That’s a brilliant brand name.

Mark Wright: 

Yeah. I owned a successful hair and beauty product business. One of the biggest sellers of Davines shampoo, which will mean probably nothing to most of the people unless they’re hairdressers in here, it was called Luxurious Look. Now I believe that it needs to be simple. Most successful business people I’ve ever met can take complex systems and knowledge and make it easy for the consumer to understand.

So that’s step one. Step two is surround myself with great people. I understood I had limitations in my business that I was good at certain elements and horrendous at others. And I hired people to compliment what I didn’t do well, rather than trying to fine-tune what I did badly and get better at it. I just forgot that, put it in the bin, and hired people who were actually good at it and I could focus on the things I enjoyed doing. And then I create this almost, I don’t wanna use the word cult, but I will cause I can’t think of a better word right now.

I create a cult-like atmosphere with my employees and my customers that we are better than everyone else that doesn’t use this business. And I would give a little speech to my employees about, I’m a football fan, I enjoy football. You have just got on the pitch at Real Madrid. How long you’re on the pitch is up to you and what you do here for our customers. I’ve got people in my LinkedIn waiting for your job, my friend.

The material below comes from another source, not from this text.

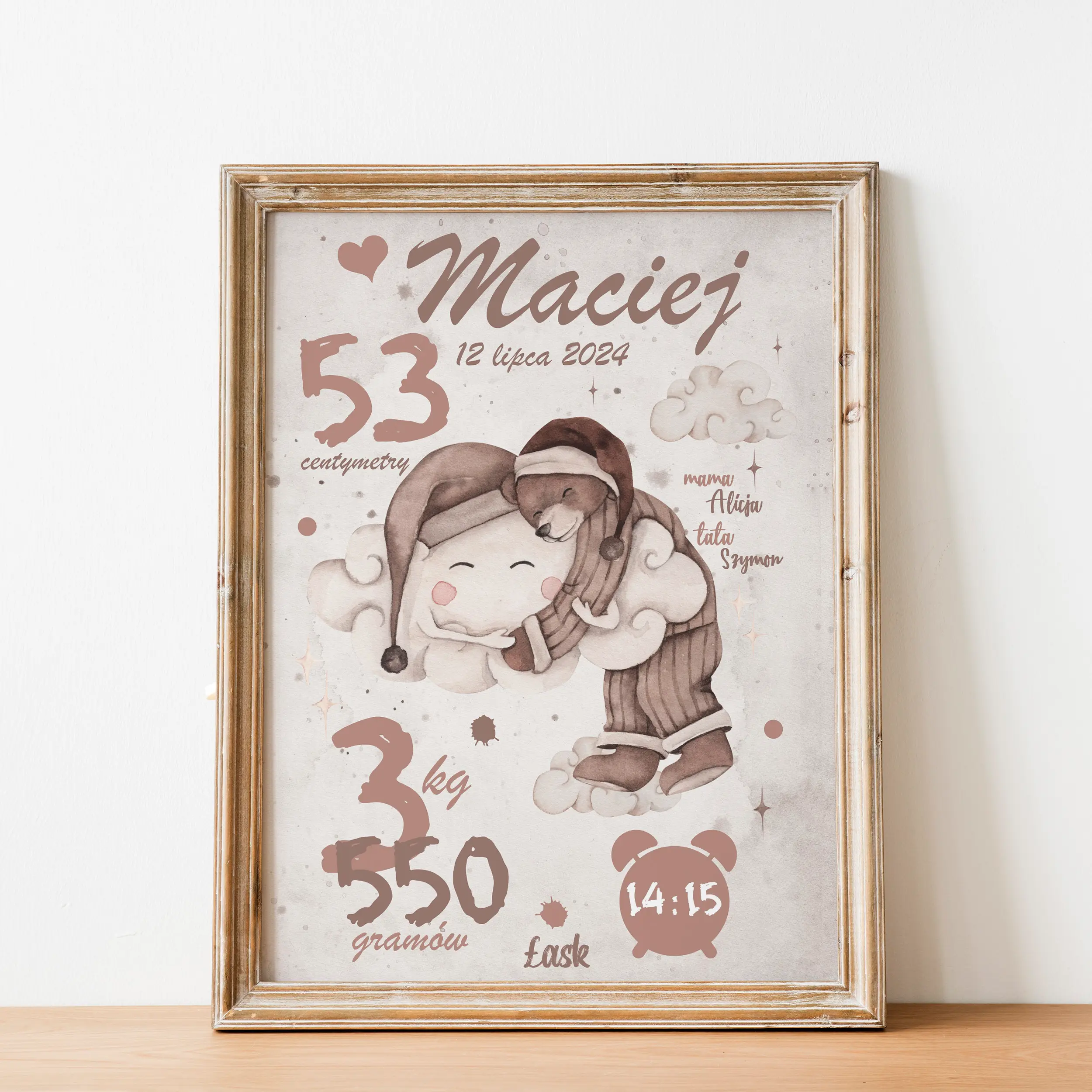 Personalizowana metryczka Miś z Chmurką to urocza dekoracja na ścianę i ponadczasowa pamiątka z dnia narodzin. Idealny prezent dla rodziców, którzy kochają delikatny, retro klimat i dodatki z duszą.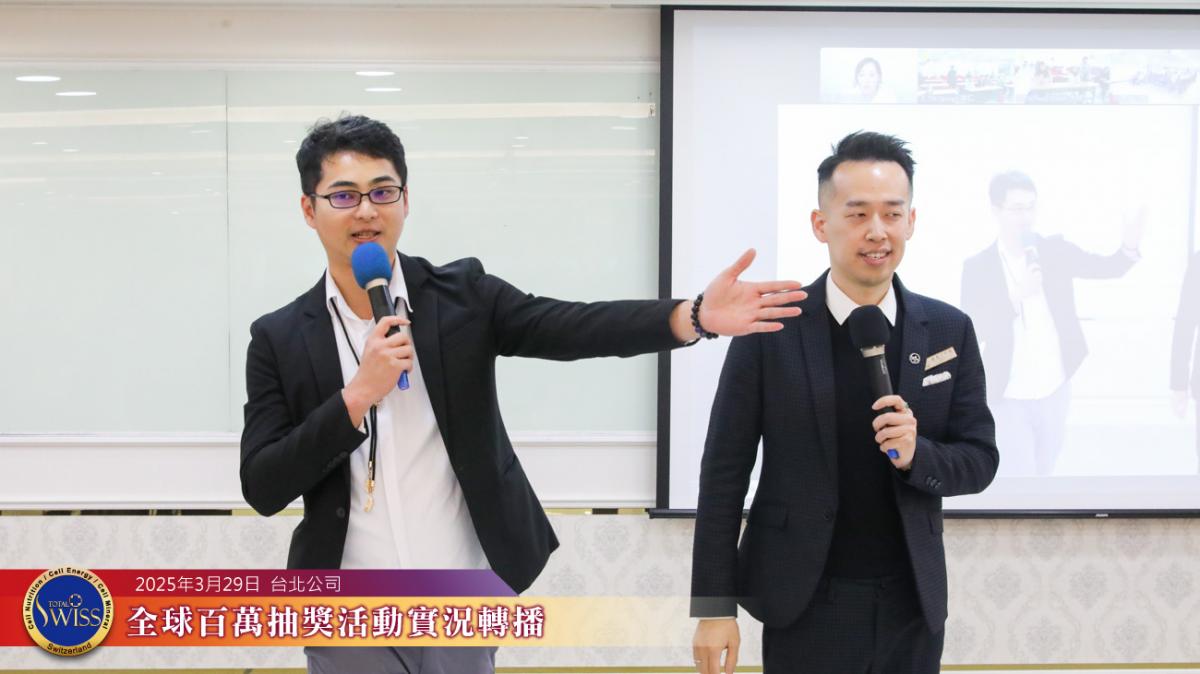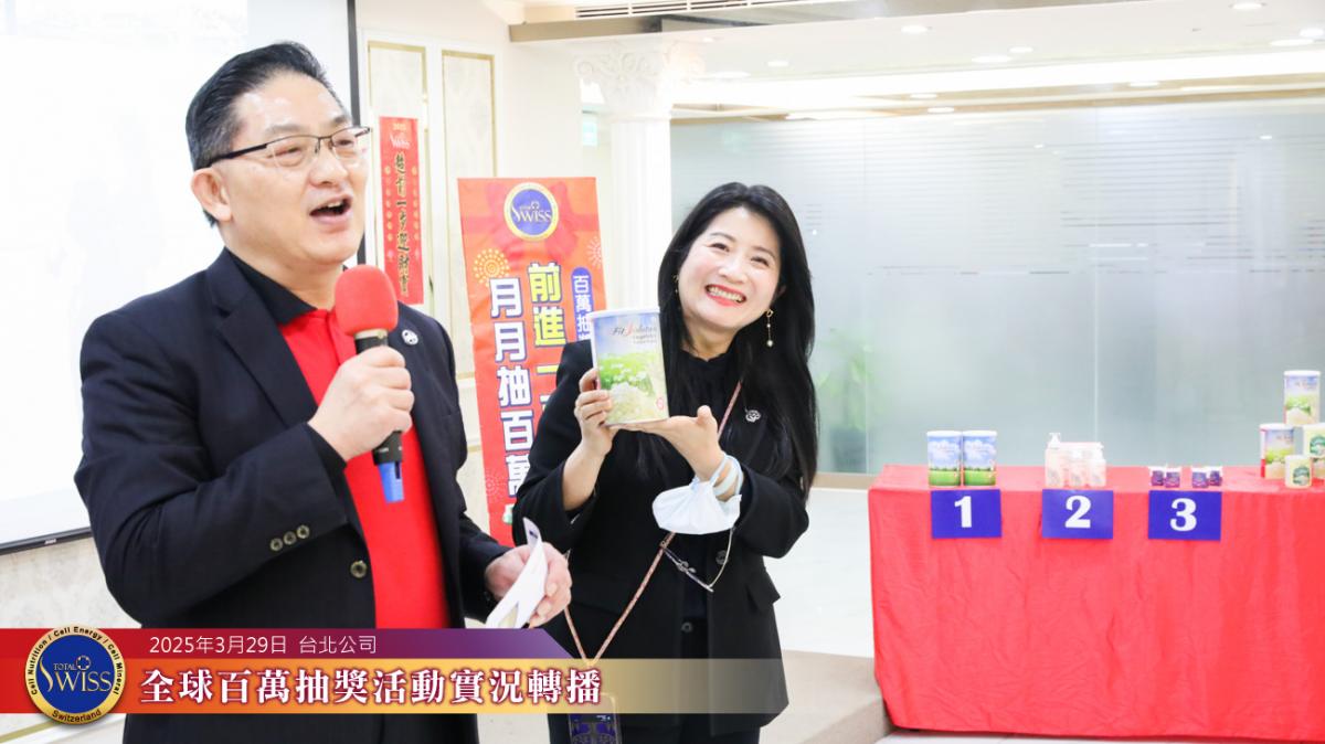 2025年3月29日下午,Total Swiss第39回百萬抽獎在台北公司七樓舉行。全台分公司、藥妝藥局以及全球各據點也透過線上轉播讓全球夥伴可以同步參與。

So you better work hard, you better provide great service to our customers and you will stay on that pitch. And if your name on my CV, you’re gonna have any job you want after here, but we are gonna make a lot of success together as long as you are here. And you could sort of see them like I’ve never been spoken to like this. Then I do another thing. So each point of reference in my business, when you’d get a certain milestone, you would get a certain piece of clothing as an employee. So after one year, I stole this from Sons of Anarchy. Don’t tell anyone. It’s like if you join…

Adam Stott: 

I love Sons of Anarchy.

Mark Wright: 

Yeah. If you join a motorbike cult after one year, you get a cut, a thing. So I was like, I’m stealing that. So after one year, in front of the whole company, you get this specific jacket. And I created so much buy-in about this jacket that people would not leave this company because they wanted this jacket. It meant more than a pay rise. It meant more than money.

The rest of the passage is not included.